As a community, we have long been bewildered by the lack of insight as to what being 47XXY entails and in its place, find ourselves at the mercy of pathological directives that are totally unbecoming of our biological selves. The impact serves to accentuate the difficulties many have with adhering to such standardised treatments and worse, how pleas for help are of the silent kind by a population who mostly lack the language skillset to properly describe how they are feeling. Unlike the experience of a Butterfly, our metamorphosis through the use of exogenous (not natural) testosterone is anything but beautiful where the impact of ‘minimal’ virilisation makes the underlying issues of our biological differences all that more difficult to recognise, where many who have undergone such treatments (and survived mentally intact) often have a difficult time with doctors who only ever see an XY male person, even though the individual knows they are not. There’s ample research to indicate the only ‘benefit’ an XXY individual will get from testosterone is that it will cause their body to virilise, but even then not always, under normal circumstances with a different population this would usually serve to change tack and start again but, not so when our experiences are continuously compared with XY Males. Do you get the picture?
Author Tracy L. Bale, Sex Matters,
In 2015, the NIH required that all grants must consider sex as a biological variable(SABV) in their experimental plan. Not only were you required to consider SABV, but also to provide expected outcomes and relevant statistical analyses to test for potential sex differences. Yes, the time had come to shine a light on the importance of SABV. But let’s back up for a minute and review why SABV had been shelved for so long for most labs – when and how did the male become the control group? As reviewed by Beery and Zucker, studies across neuroscience by 2009 had focused on male-only outcomes 5.5 times more often than those that included females, and this number was unchanged from the previous 50 years. While it is unclear as to the specific reasons why the field of neuroscience became fearful of using females, the general assumption that females are somehow more ‘variable’ than males is a clear factor. While this myth has been put to rest by published meta-analyses in mice, rats and humans clearly showing that in many cases males are actually more variable in outcome measures relevant to neuropharmacology yet the fear lives on.

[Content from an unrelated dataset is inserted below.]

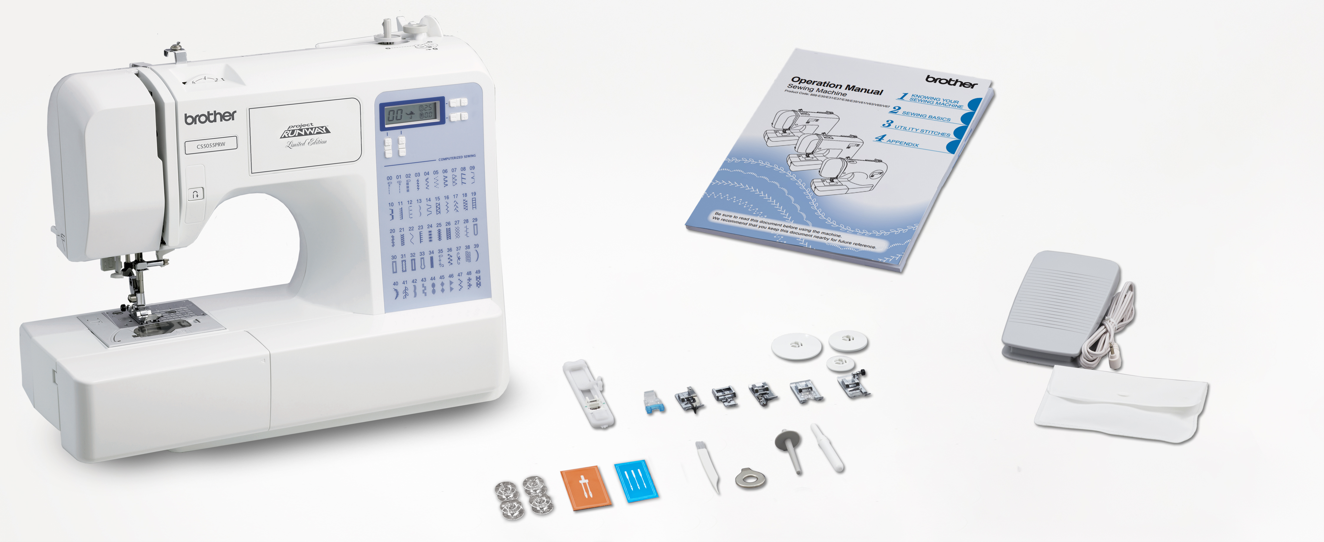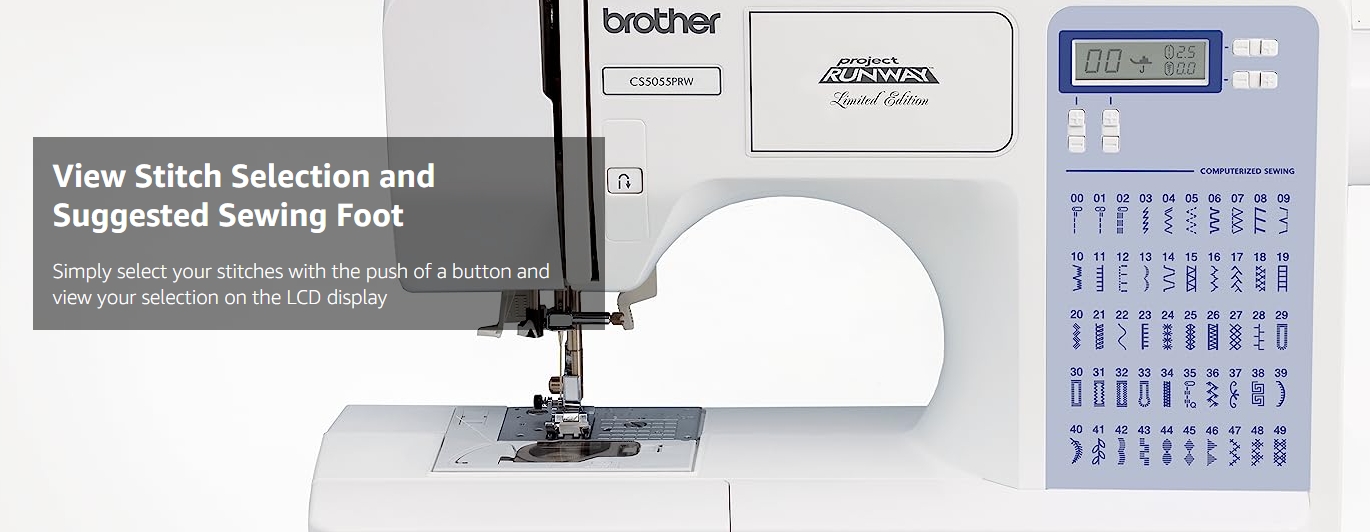 Create high-end fashions at an affordable price, with this incredibly easy to learn and use, exclusive Brother Project Runway computerized sewing machine. The CS5055PRW offers complete couture-level solutions to help you leverage your sense of style into one-of-a-kind, runway-ready fashions. Experience easy, reliable threading of both top and bottom threads; virtually effortless sewing on a wide range of fabrics, and the ability to add professional quality buttonholes, zippers, decorative top stitching and neat, overcasting edges to your favorite creations. The CS5055PRW includes 50 built-in stitches that cover a wide range of utility, decorative, heirloom and quilting stitch functions, and your entire selection of built-in stitches is printed on the front your machine, for easy reference. Simply select your desired stitch on the informative LCD display screen and adjust the stitch to your specific needs. And for truly custom results, choose from the 5 one step buttonhole styles that are actually custom-sized to fit your specific buttons. Includes 6 specialty sewing feet, complete bilingual English and Spanish instruction manual, and a 25-year limited warranty. ;.

Based on published studies, somewhere in the late ’60s and early 70’s neuroscientists dramatically shifted their approach away from being sex inclusive, or at the very least, sex agnostic, to a significant male-bias. In 1969, 20% of studies using animal models reported examining males only, but by 1979 this number had jumped to 70%. Studies focusing on females or inclusive of both sexes had fallen to less than 10%. Whether this dramatic shift over a decade was produced by an increased awareness by the field for a possible role of gonadal hormones in relevant measures thus perpetuating the fear of variability, or if around this time journals began requiring authors to declare the sex of the species they were using, and thus it became more apparent as to the prevalence in neuroscience research in which the male was the now the standard control subject.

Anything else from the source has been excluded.